Civilization

Brain Decoder

Isn’t this the most horrifying thread in Stanisław Lem’s “Solaris”, where the cytoplasmic ocean can read the minds and even the subconscious of Kelvin and other scientists, as if from an open book, but it doesn’t work vice-versa? And what if we create such an ocean ourselves?

Let us imagine that humanity – in the person of cognitivists and computer specialists from the University of Texas at Austin – has managed to devise a decoder “reconstructing continuous language from cortical semantic representations recorded using functional magnetic resonance imaging (fMRI)”. In non-scientific terms: this decoder reads thoughts in real time, using non-invasive brain scans. It's still learning, but getting better all the time.
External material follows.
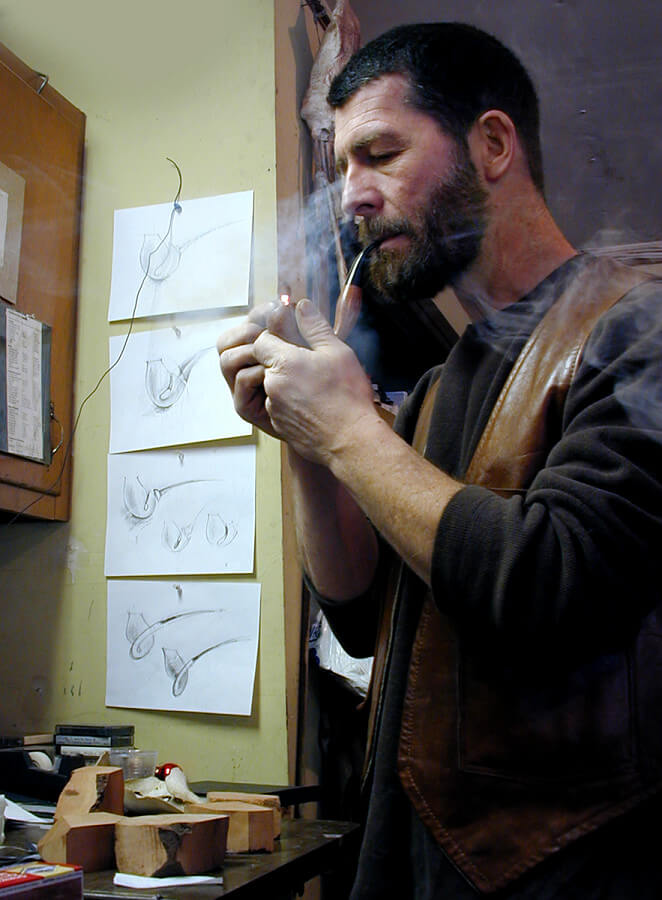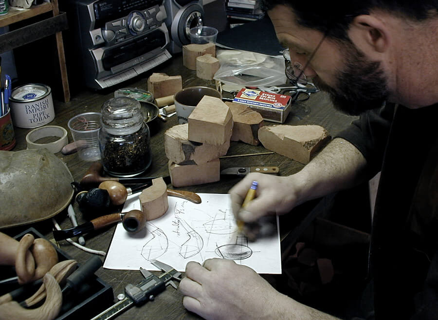 - Mon processus diffère de celui de la plupart des pipiers. Je commence toujours par dessiner. Traditionnellement, les formes sont dictées par les fibres et la texture du bois. Tout mon travail consiste à harmoniser au mieux la forme que j'ai en tête avec la bruyère dont je dispose. C'est difficile, parce que chaque morceau a sa propre personnalité. C'est pourquoi je dessine d'abord, choisis le bois, et redessine encore après, en fonction des exigences dictées par la bruyère. Il s'agit d'un dialogue entre le bois et la forme que j'ai imaginée. L'inspiration est un processus complexe. Une forme en génère une autre. J'aime travailler sur des thèmes de départ, de bons exemples dans mon cas seraient la botanique, ou l'Art Déco, etc. ... Pendant que je travaille, je continue à dessiner, et quand j'ai fini un ensemble de pipes, je sais déjà ce que je vais faire après. Exécuter un groupe de pipe peut me prendre de quelques jours à plusieurs semaines. D'habitude, je travaille par série de cinq ou six pipes de la même famille. J'aime prendre plusieurs pauses pendant que je travaille sur la bruyère, laisser reposer, cela peut m'amener à d'autres choses en cours de route. Ca peut sembler un peu métaphysique, mais cette façon de faire est importante pour moi.

Restoring the ability to speak

The case became famous at the beginning of May this year when, in the pages of “Nature Neuroscience”, the aforementioned scientists reported on the development of an AI capable of “reading thoughts”. The news quickly appeared in the world’s leading media: “NYT”, “National Public Radio”, “Euronews”, “NBS”, “The Guardian”, etc. As the authors of this work, which is likely to go down in the annals of scientific history, assure us at the outset: “A brain-computer interface that decodes continuous language from non-invasive recordings would have many scientific and practical applications. Currently, however, non-invasive language decoders can only identify stimuli from among a small set of words or phrases”.
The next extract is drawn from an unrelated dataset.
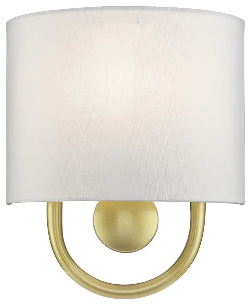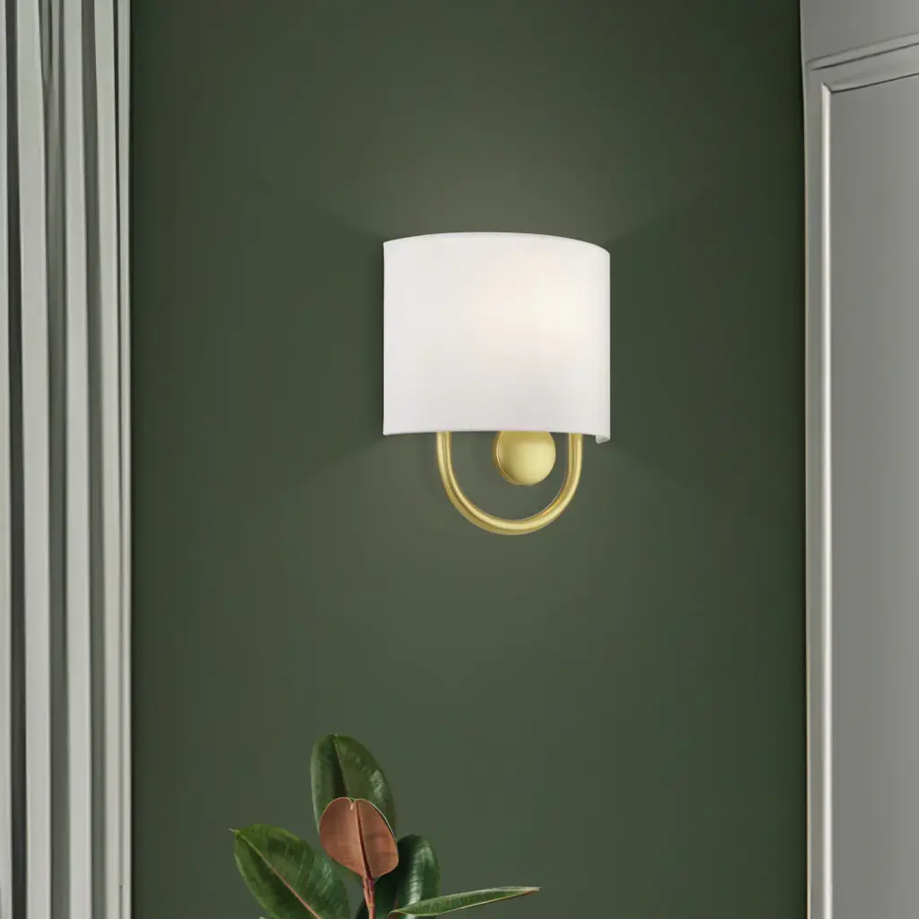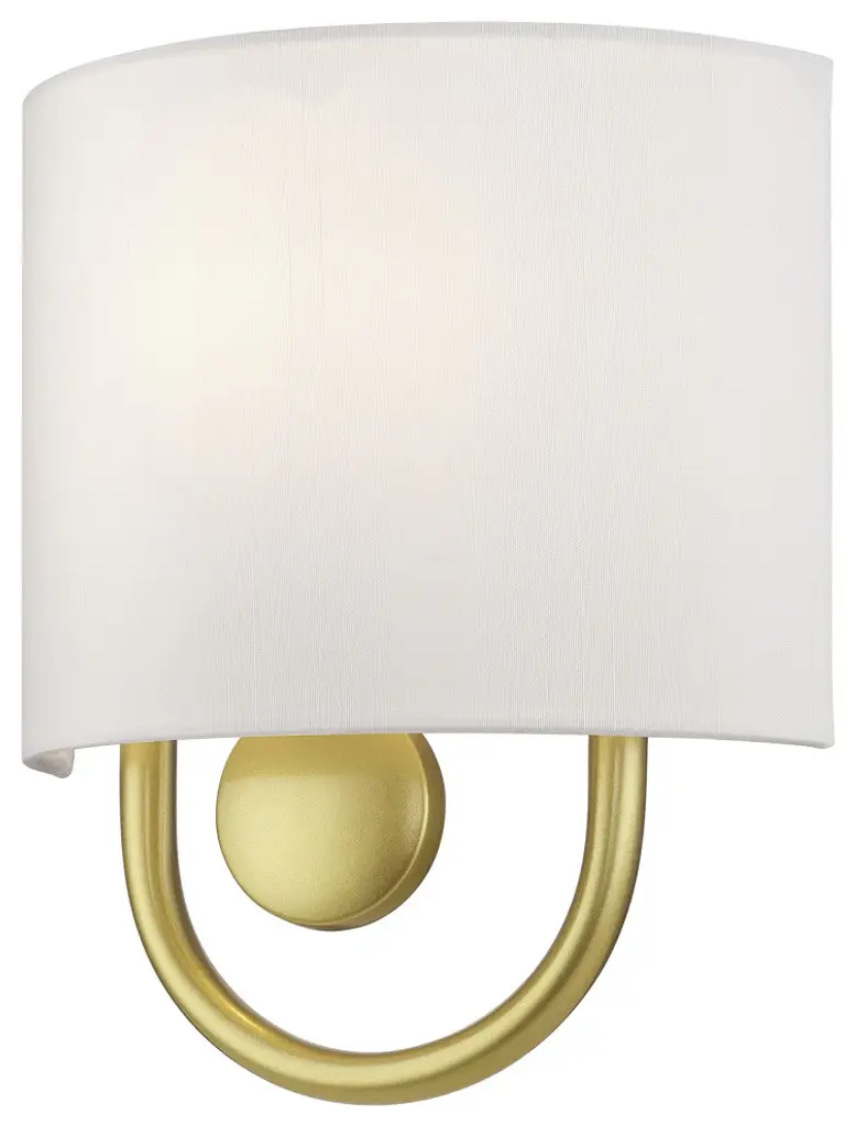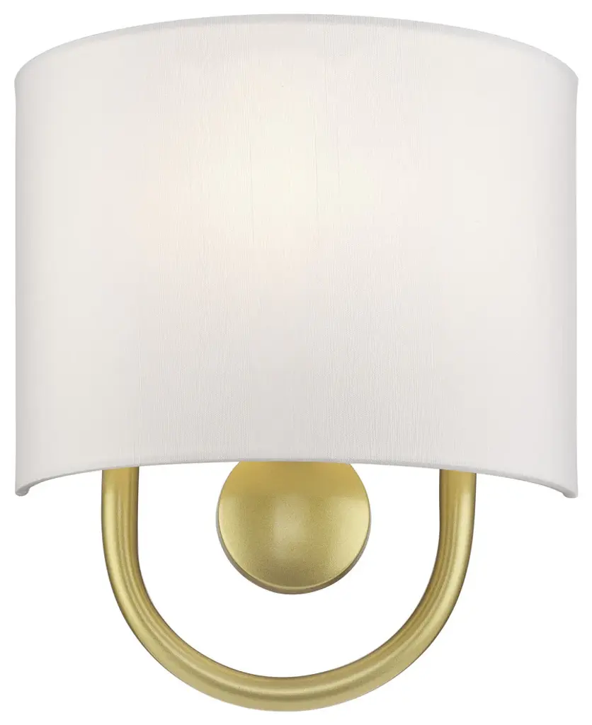 Stratton 1 Light Soft Gold Ada Sconce With Hand Crafted Off-White Fabric Shade
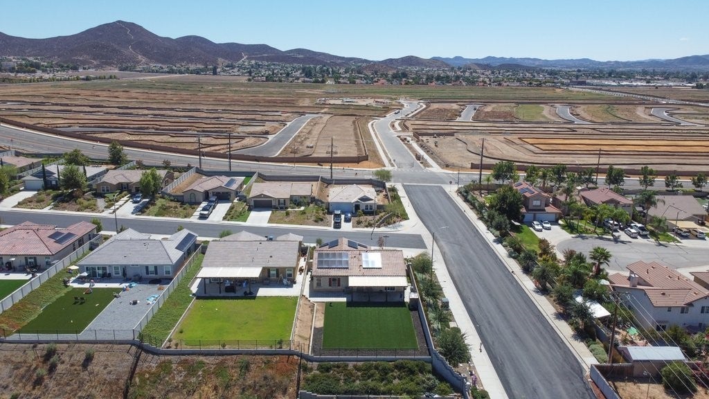 Built in 2022, this single-story residence offers the perfect balance of modern comfort, style, and low-maintenance living in one of Menifee’s peaceful neighborhoods. Spanning 1,575 square feet, the home features three spacious bedrooms, two full bathrooms, and an open-concept floor plan designed with everyday functionality in mind. The living areas flow seamlessly, complemented by central A/C and heating, a durable tile roof, and an attached two-car garage. Set on a generous 10,018-square-foot lot, the property offers ample outdoor space with a tranquil mountain backdrop—ideal for both relaxation and entertaining. With modern finishes, efficient systems, and a low HOA, this home presents an excellent opportunity for comfortable living in a quiet community.

Isn’t this what the brilliant physicist and cosmologist Stephen Hawking used for half of his increasingly immobile life? When he wanted to speak, he selected letters and words from a synthesiser screen controlled by the vibrations of his cheek muscles. If the muscles stopped vibrating, the scientist would fall irrevocably silent.
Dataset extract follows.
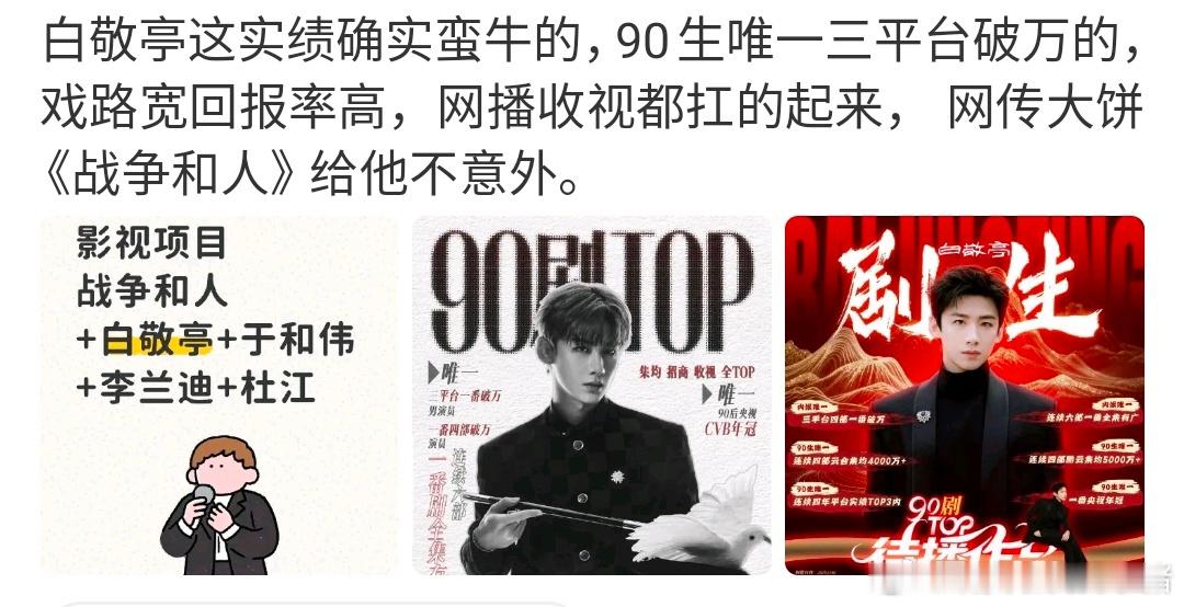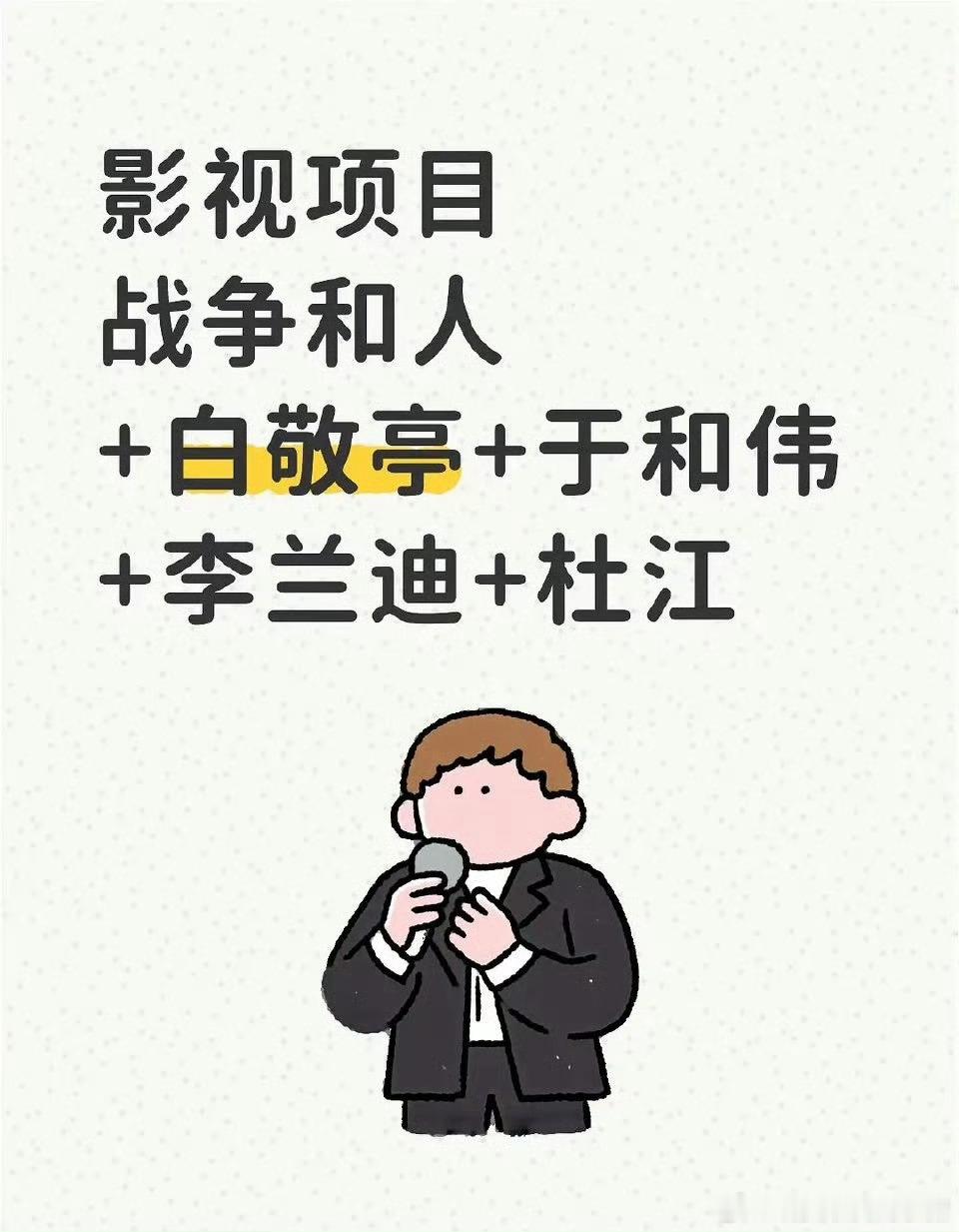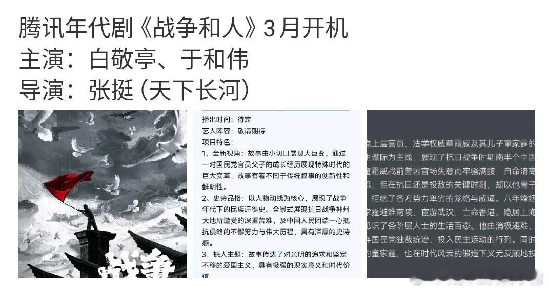 又一个大饼定了白敬亭,战争和人 3 月开机,你觉得合理吗?💧

SIGN UP TO OUR PAGE Already in 2019, i.e. four years ago (which the Cambridge genius didn’t live to see) a new way of extracting a person’s speech directly from their brain was developed. For the man’s intention to speak certain words can be picked up from the brain signals and converted into text quickly enough to keep up with natural conversation. We owe this discovery to a group led by Edward Change at the University of San Francisco. The work of the device which is able to decode a small set of listed words consists in a dense encephalographic reading. It was supposed to get rid of the toys that were used by Hawing. However, the circumpandemic breakthrough in the field of AI is currently putting the then innovations out to pasture.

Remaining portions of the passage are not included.